People You Dislike

here's something that's happened to me recently... not really with someone i DISLIKE, but with someone who's getting under my skin.

last week i'd been pretty much pushed to the wall in a lot of ways... mostly mentally/emotionally. i emailed EVERYONE (but two people) in my addy book and asked to be left alone. i explained that it wasn't personal and nothing dramatic going on... just that i needed some alone time.

it's been great not being bothered by the phone (and emails have dwindled a lot too)... i've gotten more relaxed and in control because i only talk to people online and i'm in total control of when i'm online.

anyway... i just got an email from an asshole with codependency problems and insecurity issues. he rambled, in a VERY passive aggressive manner, about how rude he thought i was... yadda yadda yadda... he included a link to a book on how to lose friends. go figure.

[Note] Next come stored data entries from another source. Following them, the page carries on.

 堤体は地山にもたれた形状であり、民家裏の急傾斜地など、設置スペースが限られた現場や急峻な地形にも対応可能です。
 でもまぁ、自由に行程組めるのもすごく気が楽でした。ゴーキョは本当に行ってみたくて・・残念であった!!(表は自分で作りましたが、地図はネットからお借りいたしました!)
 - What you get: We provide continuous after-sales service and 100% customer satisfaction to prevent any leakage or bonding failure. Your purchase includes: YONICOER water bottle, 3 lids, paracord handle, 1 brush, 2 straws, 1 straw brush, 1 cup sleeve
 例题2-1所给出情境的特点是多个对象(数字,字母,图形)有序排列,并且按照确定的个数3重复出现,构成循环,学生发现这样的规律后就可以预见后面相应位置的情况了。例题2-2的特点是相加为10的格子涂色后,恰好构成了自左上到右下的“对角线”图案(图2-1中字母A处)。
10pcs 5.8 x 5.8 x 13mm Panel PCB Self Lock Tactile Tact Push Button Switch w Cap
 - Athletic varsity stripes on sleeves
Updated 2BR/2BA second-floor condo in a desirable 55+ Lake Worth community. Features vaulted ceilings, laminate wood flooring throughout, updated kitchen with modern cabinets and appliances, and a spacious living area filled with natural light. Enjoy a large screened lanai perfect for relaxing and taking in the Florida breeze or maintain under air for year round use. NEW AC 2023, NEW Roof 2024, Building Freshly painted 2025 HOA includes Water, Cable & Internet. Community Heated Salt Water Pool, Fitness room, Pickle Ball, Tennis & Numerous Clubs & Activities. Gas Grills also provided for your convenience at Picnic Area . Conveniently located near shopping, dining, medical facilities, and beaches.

instead of replying to the email and apologizing or explaining myself further or what have you, i just trashed it and wiped it from my mind (save for purposes of this post). i understand that of ALLLLLLLL the people i contacted about this, he's the only one to throw a fit... and i just accept that he's like that. i have more important things to do than worry about keeping him happy. know what i mean?
 
bisexplicit said:
How do you deal with them, personally?

And feel free to include real life and on lit experiences.
With people I dislike in the real world, I avoid them as much as possible. A lot of people would consider this cowardly, but why would I go looking for trouble? I don't particularly like fighting, but I will when I have to and keeping myself out of a situation like that works a lot better than being mouthy and rude to them all the time.

It's a little different on Lit...most of the people I dislike here have been here forever so they have a superiority complex I think is laughable. I argue with them and normally have a chuckle to myself when they throw out a particularly lame comeback and then claim that they owned me...you can only laugh in the face of hostility here...it's so pointless and absolutely ridiculous that you can't take anyone who actually picks a fight seriously.
 
EJFan said:
here's something that's happened to me recently... not really with someone i DISLIKE, but with someone who's getting under my skin.

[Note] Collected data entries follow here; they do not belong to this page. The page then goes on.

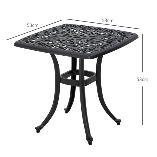 Outsunny Cast Aluminium Bistro Table, Outdoor Square Side Table with Umbrella Hole, Garden Table for Balcony, Poolside, Black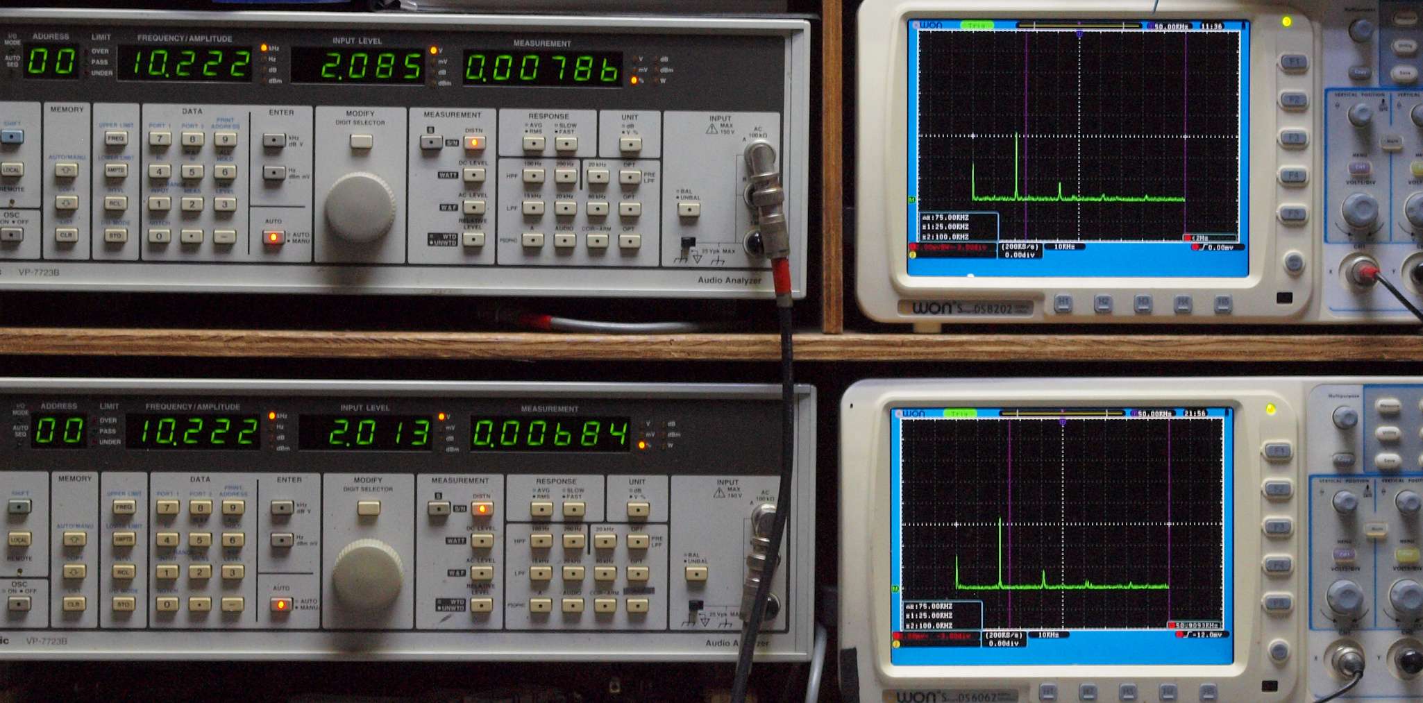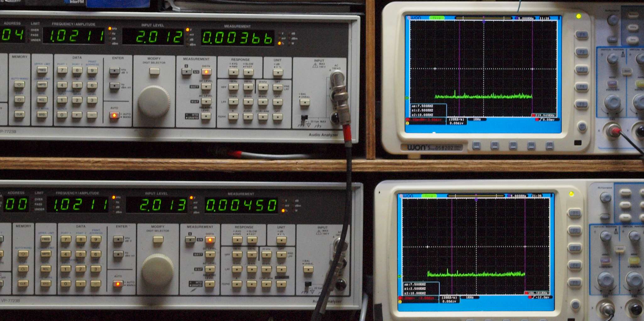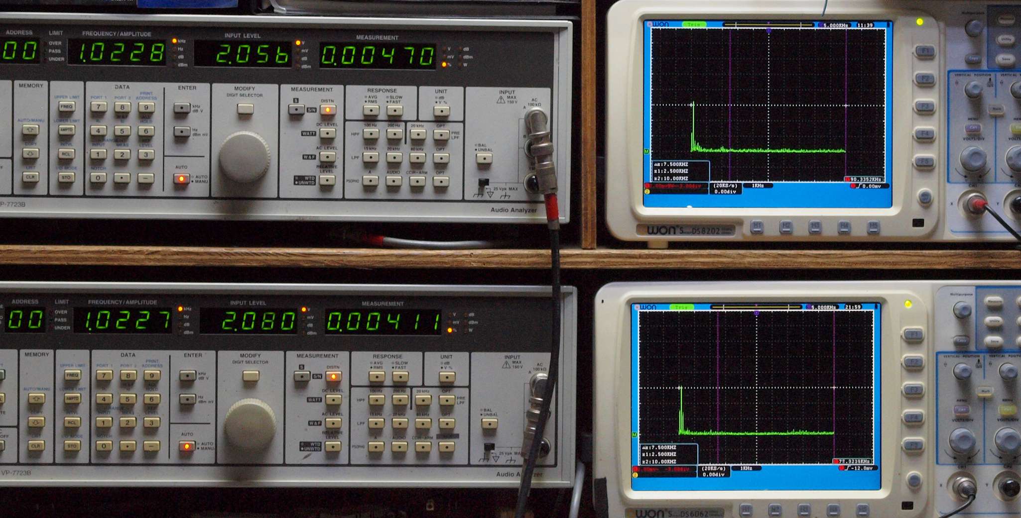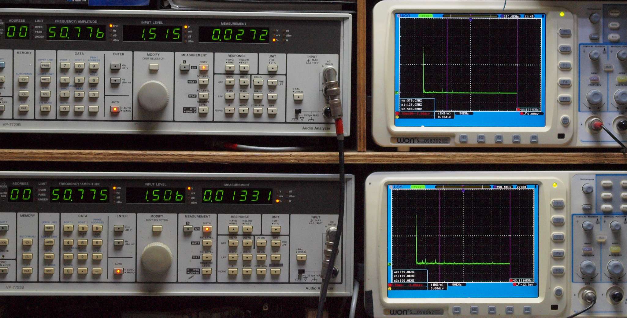 上段右端 VP−7723Bの基本波除去出力を「owon SDS8202(200MHZ)」で「FFT分析」表示。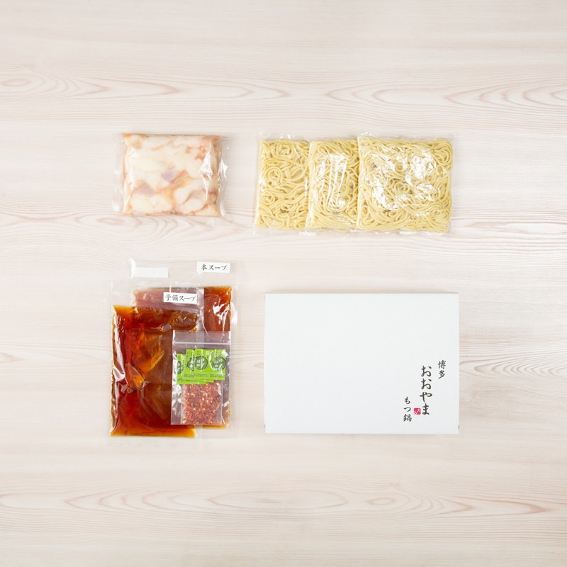 【おおやま醤油2人前】スープ(醤油味)150g +予備100g 、牛もつ240g 、ちゃんぽん麺300g 、唐辛子3g 、柚子胡椒4g
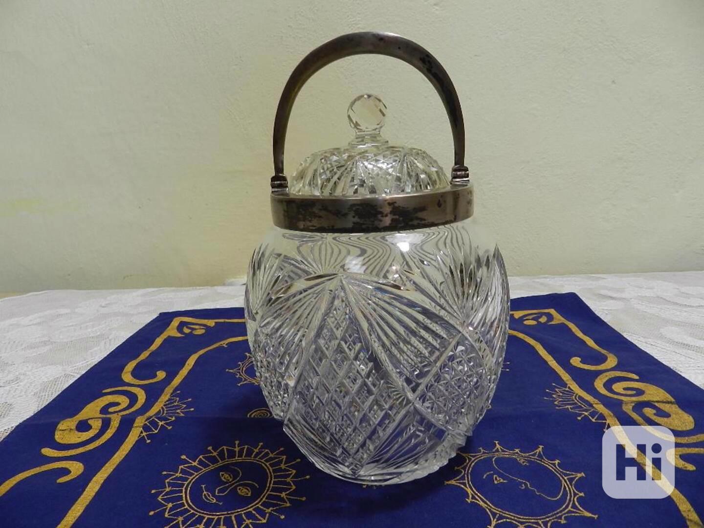 Krásná bohatě broušená masivní Dóza z čirého skla, stříbrná montáž, Čechy, 1 třetina 20 stol.

last week i'd been pretty much pushed to the wall in a lot of ways... mostly mentally/emotionally. i emailed EVERYONE (but two people) in my addy book and asked to be left alone. i explained that it wasn't personal and nothing dramatic going on... just that i needed some alone time.

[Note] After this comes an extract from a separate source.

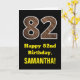 82nd Birthday: Name, Faux Wood Grain Pattern "82" Card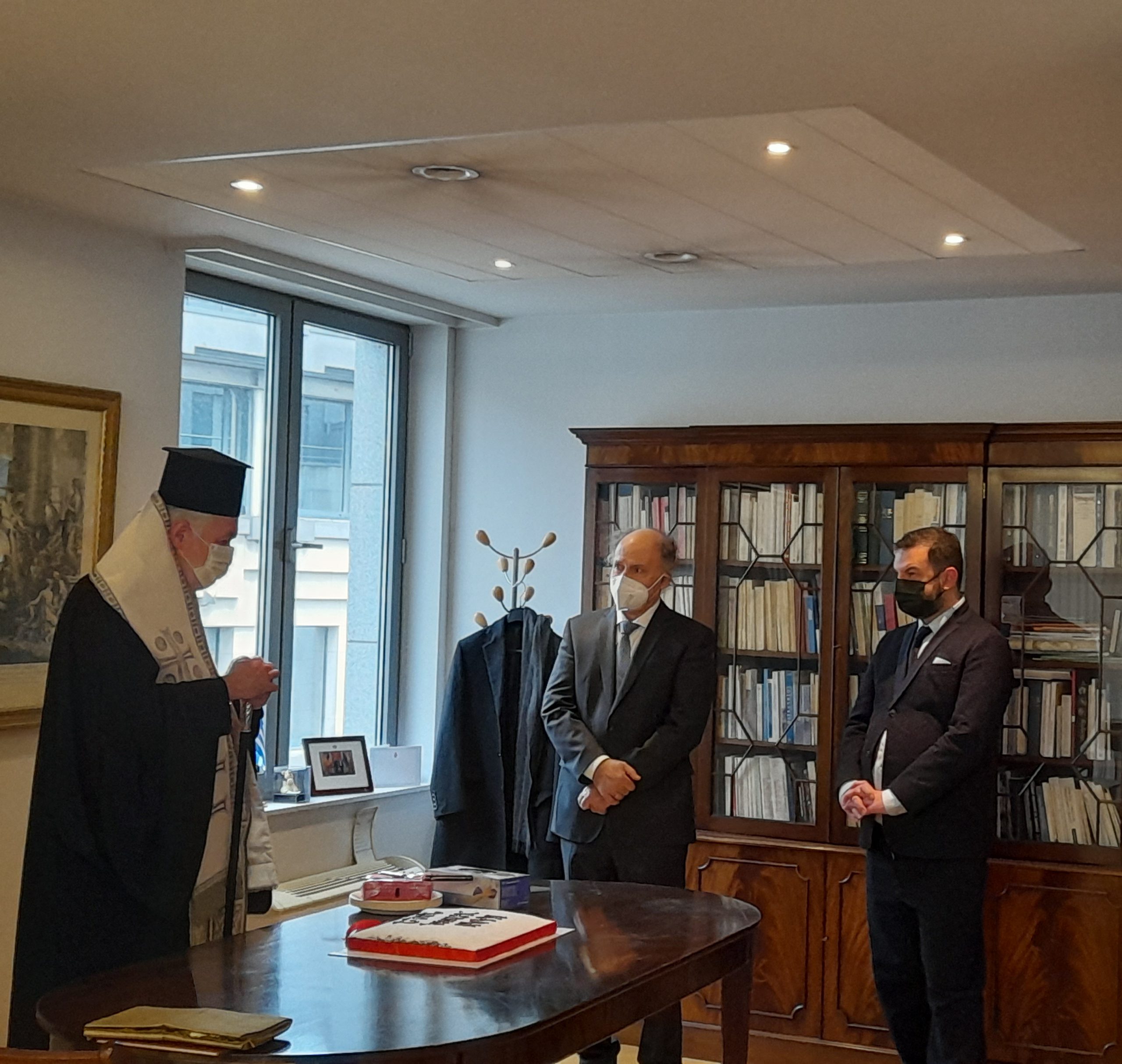Ι.Μ. ΒΕΛΓΙΟΥ: Την Βασιλόπιτα της Ελληνικής Πρεσβείας Βρυξελλών ευλόγησε ο Σεβασμιώτατος Μητροπολίτης Βελγίου και Έξαρχος Κάτω Χωρών και Λουξεμβούργου κ. Αθηναγόρας, το μεσημέρι της 3ης Φεβρουαρίου 2022, κατόπιν προσκλήσεως του Έλληνα Πρέσβεως κ. Διονυσίου Καλαμβρέζου και με την παρουσία του Α΄ Συμβούλου και Διευθυντού του Προξενικού Γραφείου Βρυξελλών κ. Βασιλείου Ζαρμπάλη και των λοιπών συμβούλων και εργαζομένων της Πρεσβείας.

it's been great not being bothered by the phone (and emails have dwindled a lot too)... i've gotten more relaxed and in control because i only talk to people online and i'm in total control of when i'm online.

anyway... i just got an email from an asshole with codependency problems and insecurity issues. he rambled, in a VERY passive aggressive manner, about how rude he thought i was... yadda yadda yadda... he included a link to a book on how to lose friends. go figure.

instead of replying to the email and apologizing or explaining myself further or what have you, i just trashed it and wiped it from my mind (save for purposes of this post). i understand that of ALLLLLLLL the people i contacted about this, he's the only one to throw a fit... and i just accept that he's like that. i have more important things to do than worry about keeping him happy. know what i mean?
I like the way ya handled that, we are not responsible for other peoples happiness, especially when they are that rude.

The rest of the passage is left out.